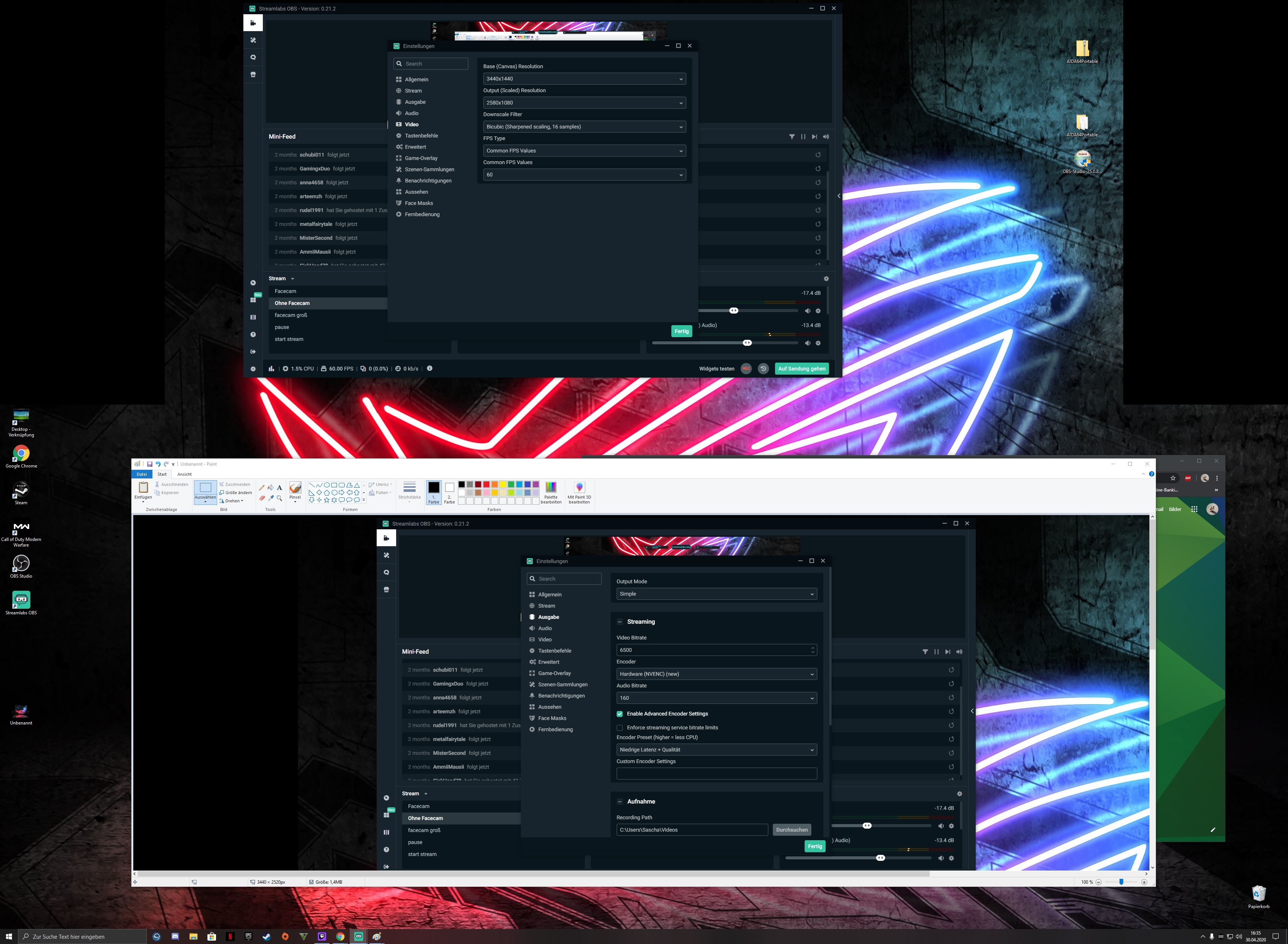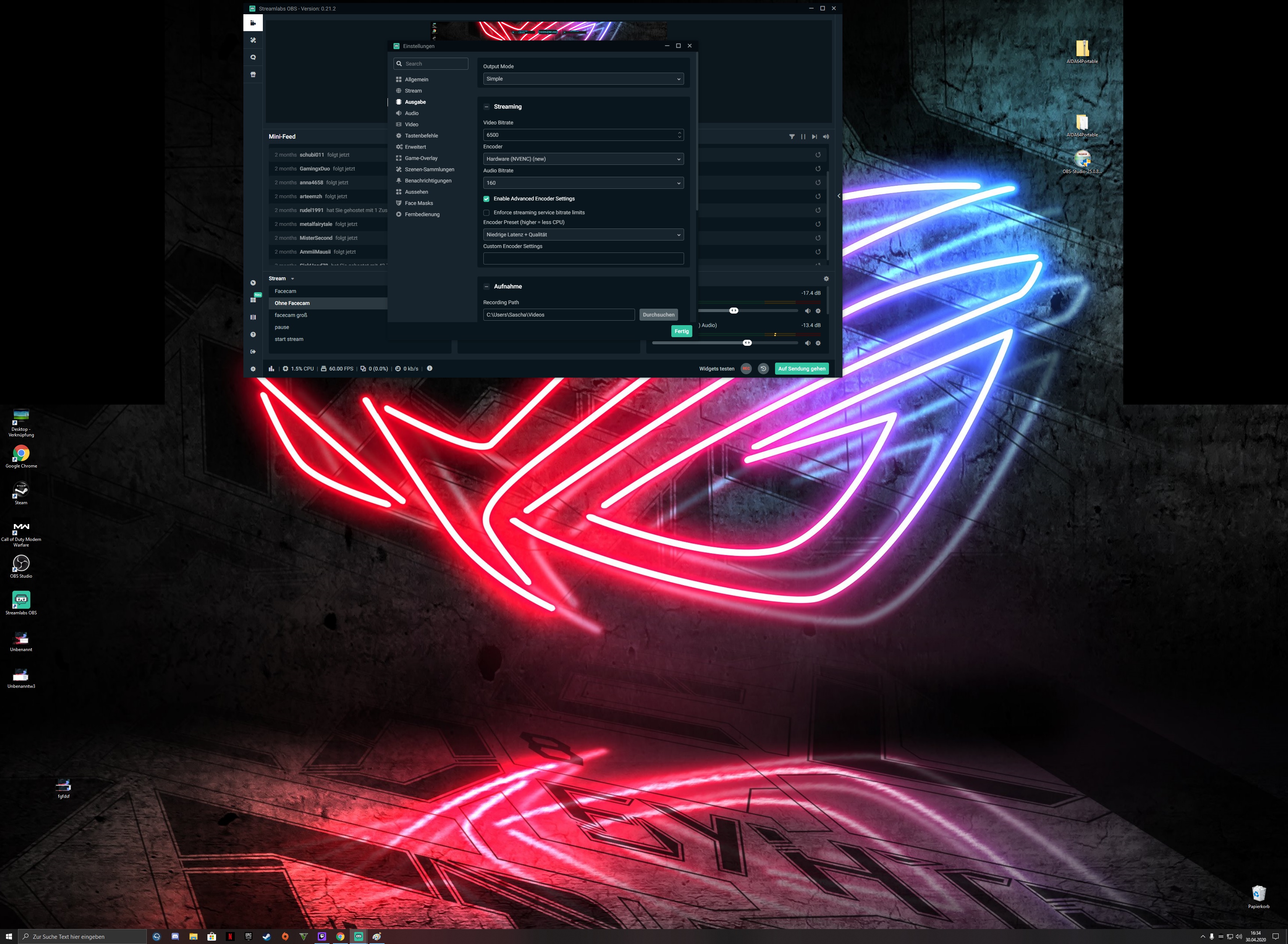 ich dachte das ich damit in 60fps streamen kann aber ich hab immer starke fps einbüche wenn ich versuche cod warzone zu streamen.
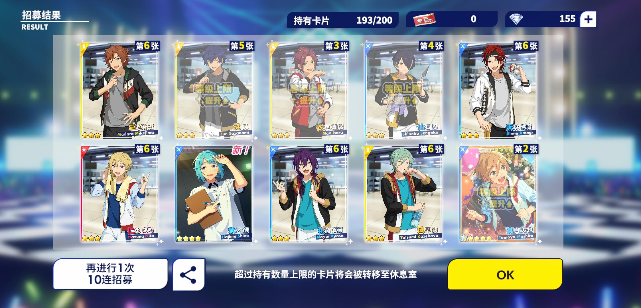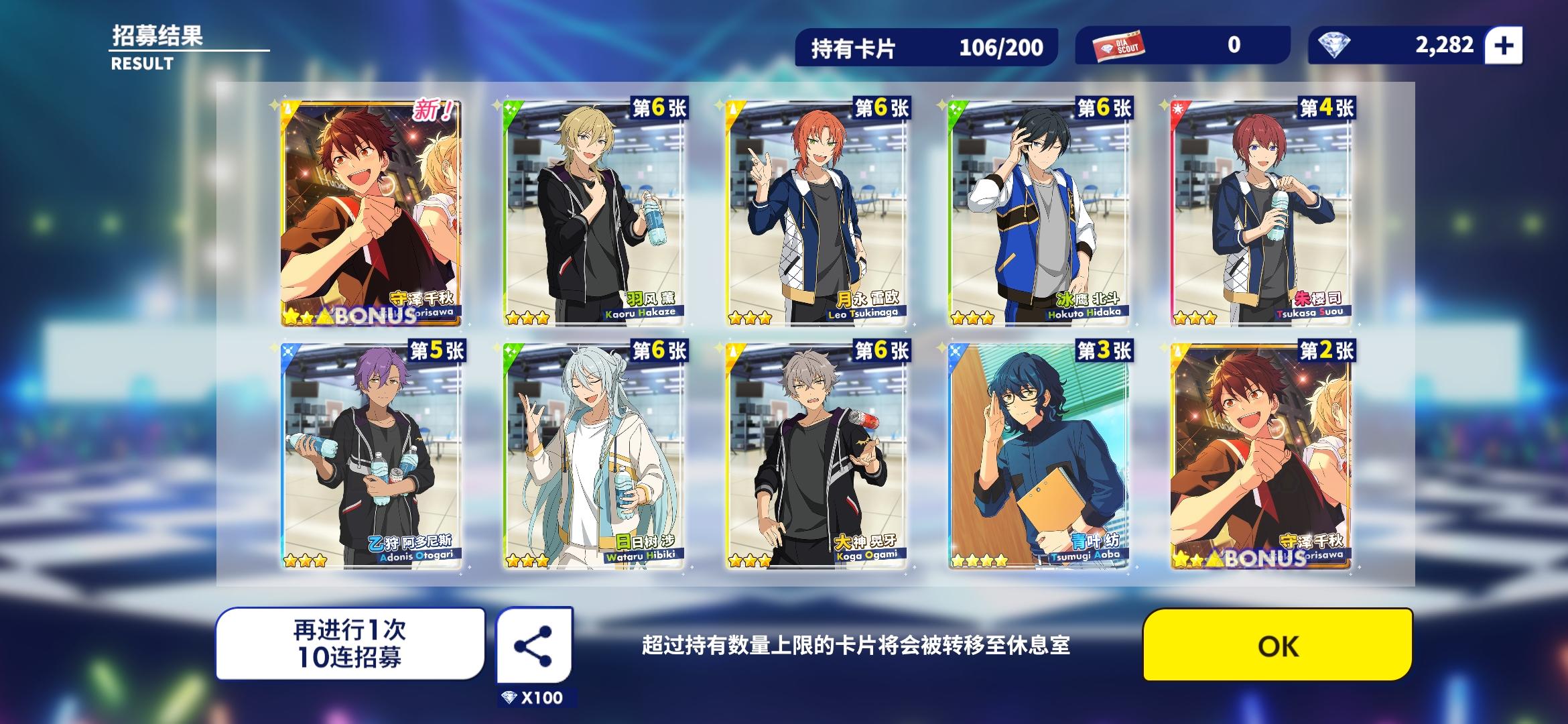 我觉得我的卡池有毒,歪就歪的一批,而且就看英智和宗老师两个人在那里相爱相杀,反正我只要出了宗老师,下一发十连必出英智,就连之前mika的卡池也是,100多发,在活动结束前的那个十连出了mika,英智,还有凪,然后新的活动池,第一个十连是宗老师第二个又是英智。。。我???至于吗?!!
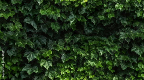 Green wall in the garden with natural background fresh leaves and foliage as a background of nature and landscaping. Wall completely covered lush green plant. Realistic 3D illustration. Generative AI
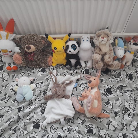 Myydään erilaisia eläinpehmoja.

| Work order |
The answer should consist only of the lines from the one with "Green wall in" through the last line of the material above, copied exactly, with no pictures.

| Result for this exercise |
 Green wall in the garden with natural background fresh leaves and foliage as a background of nature and landscaping. Wall completely covered lush green plant. Realistic 3D illustration. Generative AI
 Myydään erilaisia eläinpehmoja.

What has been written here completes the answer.